The role that Buderus fills now is much different to the one he played when he was an 80-minute man and also representing NSW and Australia. He is 35 now, and he always knew and accepted that in this season – his last – he would be sharing a big slice of the dummy-half duties.

"'Gids' (Kurt Gidley) comes off the bench to play hooker," Buderus said. "Before he came back from injury it was 'Gowie' (Craig Gower) playing that role. I knew it would be that way and it's just reflective of the fact this is my last season.

"I'm just happy to be a part of the squad and do everything I can within that. Whether it's getting out there for 20 minutes, or 40 minutes – whatever I can get out of it. I just want to hold up my end of the bargain. I start the games and usually play for about 20, and go off until probably the last 20.

"Sometimes, your stint might be full of defence, and your next stint might be full of attack, so when you get out there you've got to be ready for anything."

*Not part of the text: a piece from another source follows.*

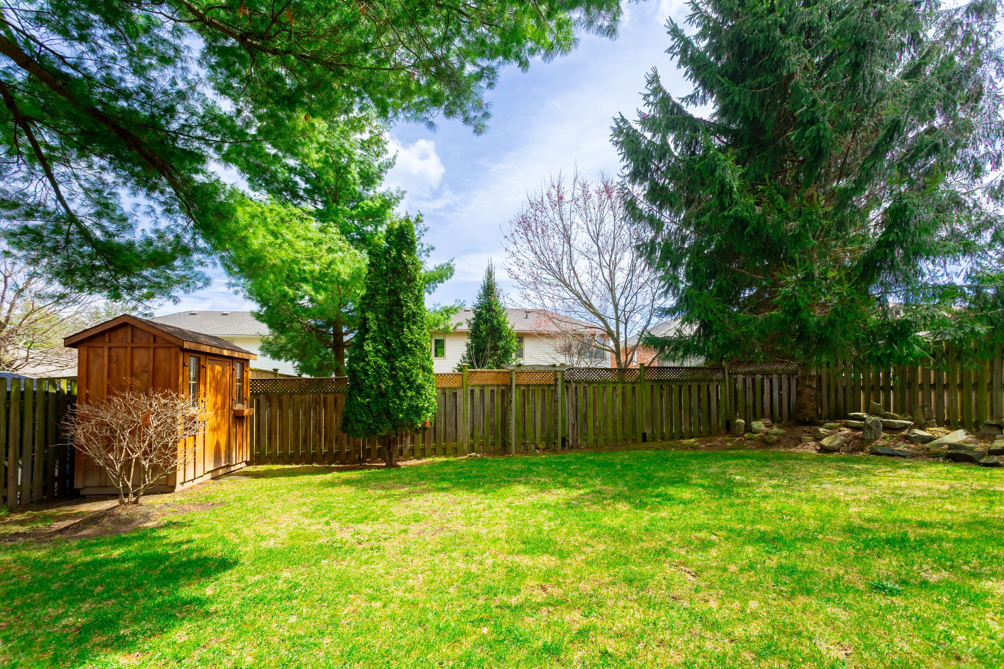 A welcoming family home in a great community where everyone shows true pride of ownership. As you arrive, notice the quiet streets and the convenience of having three schools just five minutes away. The covered front porch is the perfect spot to relax and chat with friendly neighbours. Step inside the foyer, double french doors open to a bright living/dining room with a large multi pane window that fills the space with natural light. A perfect spot to curl up with a good book. The dining area easily fits a full table for large gatherings. The spacious eat in kitchen features a classic working triangle, custom oak cabinetry, ample prep and pantry space, and a window overlooking the large, fully fenced yard. Imagine enjoying a morning coffee in the screened in gazebo while the kids play in the large private yard. Or entertain friends on the generous deck beneath tall mature trees - back yards like this are rare. Settle into the warm family room with a cozy gas fireplace, a true bonus in today's layouts. Upstairs are three carpet free, oversized bedrooms, including a primary suite with a retreat style ensuite featuring a separate shower and jetted tub. The fully finished basement offers space for board games, enjoying a workout, or cozy movie nights. And what a great neighbourhood! Steps to schools, parks, shopping, and shade's mills conservation area, this home has been lovingly cared for and truly offers something for everyone. You owe it to yourself to see this one.

The thing Buderus must ensure while he spends that time on the bench is that he doesn't allow his back to stiffen up. He needed back surgery to get him back on the field after a long lay-off that has restricted him to just nine games so far this season.

"Sitting on the bench after that first 20, I've got to go through my stretching routine and make sure I'm ready for the last stint I have," Buderus said. "But this is the best I've felt for a long time. I'm fine. It's natural to stiffen up when you cool down a bit."

Buderus can't plan for his last game, because he doesn't know when that will be. First, it depends on how the Knights fare over the next few rounds, and then, if they make the finals, what happens there. It would be knock-out football all the way for them.

"I'm ready to finish on a good note and move on to the next chapter of my life," Buderus said. "Our chances of making the finals could come right down to our last-round game at home against Parramatta. Every two points is crucial from here – that's all I'm worried about."